Sri Pattabhi Jois

Ashtanga Yoga

Ashtanga has been made popular in the last twenty years by popular names like Sting and Madonna. Its origins trace back to the early 1900s. The current living Guru of Ashtanga is Sri Pattabhi Jois.

About the Practice

Ashtanga focuses primarily on asanas with some instruction on breathing. Asanas are held for five long deep breathes followed by variations on the Sun Salutation, Surya Namaskar as a means of transition from one asana to the next. There are six series to Ashtanga with the idea that one series is practiced per day followed by a day off. The beginning and end of every series is the same. The asanas in the middle are different from series to series and the order of the asanas is very specific. From one series to the next, the difficulty of the middle asanas gets substantially more challenging. Most people that practice yoga have trouble completely doing the first series; very few students practice even part of the second series. Ashtanga is a wonderful overall workout providing the benefit of opening up the body's energy channels. This is an excellent practice for people that need strong structure, reliability, and few surprises.

Lewis Rothlein

I got into practicing Ashtanga about a couple years before I moved into the Baba Siri Chand Ashram. I was going to Lewis Rothlein's classes. He opened and later sold has his own studio, Full Circle Yoga and that is where I recommend going to classes if you are in the Orlando area and interested this form of yoga. When I moved into the ashram, the director of the ashram was into doing Ashtanga. So, I was doing it there as well.

Stretching vs Eccentric Contraction

When I went to massage school, my whole point of view on yoga changed. My new understanding of anatomy and physiology made me aware that when muscle is torn up the body replaces it with connective tissue not new muscle tissue. I realized that I had been approaching yoga like going to the gym and lifting weights and had missed the point that I'm suppose to be doing something good and kind for my body.
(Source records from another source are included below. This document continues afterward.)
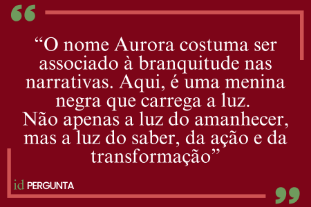Apesar de carregar uma linhagem real e dons extraordinários, Aurora é retratada como uma menina comum, com inseguranças, frustrações, desejos e sonhos. Seu nome já é um símbolo: “Aurora” costuma ser associado à branquitude nas narrativas. Aqui, é uma menina negra que carrega a luz. Não apenas a luz do amanhecer, mas a luz do saber, da ação e da transformação.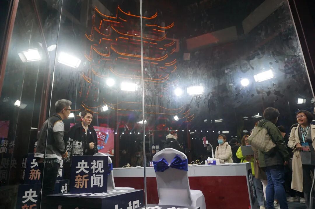 “小朱配琦”在黄鹤楼脚下透明直播间为湖北公益直播带货做准备。记者张珺摄
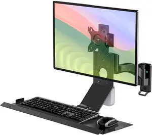 Monitor and Keyboard Wall Mount, Stand/sit Workstation, with Pneumatic Arm, Load 10kg, with 210 * 600mm Foldable Keyboard Tray, for 15-32 Inch Single Screen(Black)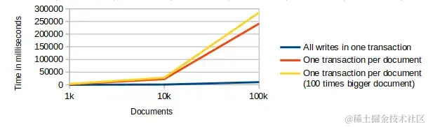 使用比较工具,并将其更改为每个文档写入一个事务。结果出来了。使用每次写入一个事务插入1k个文档,大约需要2秒。有趣的是,如果我们将文档大小增加100倍,存储它们的时间仍然大致相同。这清楚地表明,影响IndexedDB性能的限制因素是事务处理,而不是数据吞吐量。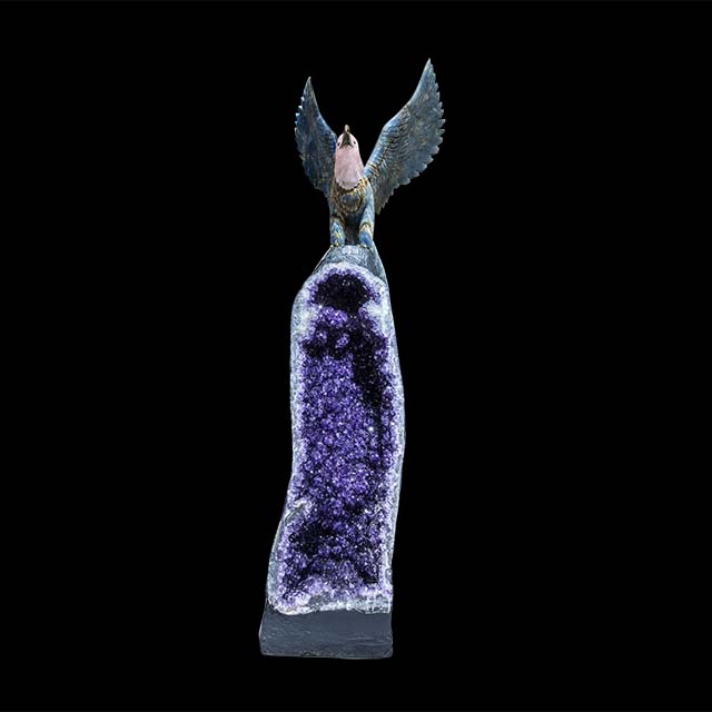 Natural Blue Apatite Eagle Sculpture on Amethyst Geode Cathedral / Gemstone Bird on Extra-large Amethyst Geode, 196 kg

I also realized that technically stretching does not occur in Ashtanga Yoga, but rather eccentric contraction. By that I'm saying that stretching occurs when there is no load on the muscle being lengthened. In Ashtanga, almost all poses involve balancing the body against gravity and using the muscle that is being lengthened. This is an inherently injury prone approach and requires a great deal of care and honoring the limits of one's body.

Richard Freeman

Richard Freeman

I have more recently been going to Richard Freeman's classes in Boulder at the Yoga Workshop. I highly recommend going to his classes if you are in the Boulder area or at one of the many places he travels to guest teach and give workshops.

Richard emphasizes fluidity and using inertia to move effortlessly from one posture to another. His point of view on practicing yoga is ecstasy in motion. I would venture to guess that his point of view on reality is dominated by pleasure; whereas, nearly everyone else measures everything relative to pain.

Richard puts a great deal of focus on developing awareness for the pelvic floor and the palate of the mouth, two very important areas of the body that bring subtly to yoga. He emphasizes that the pelvic floor should be contracted before certain movements begin, such as returning to samasthiti from a forward bend in a sun salutaion. Uniquely, he asserts that the pelvic floor is inversely related to the palate; that is, when the palate is open and soft, the pelvic floor is encouraged to rise and contract. Likewise, when the pelvic floor is lifted, the palate is more likely to soften.

Richard is on the blissful edge of physical yoga in the Ashtanga lineage.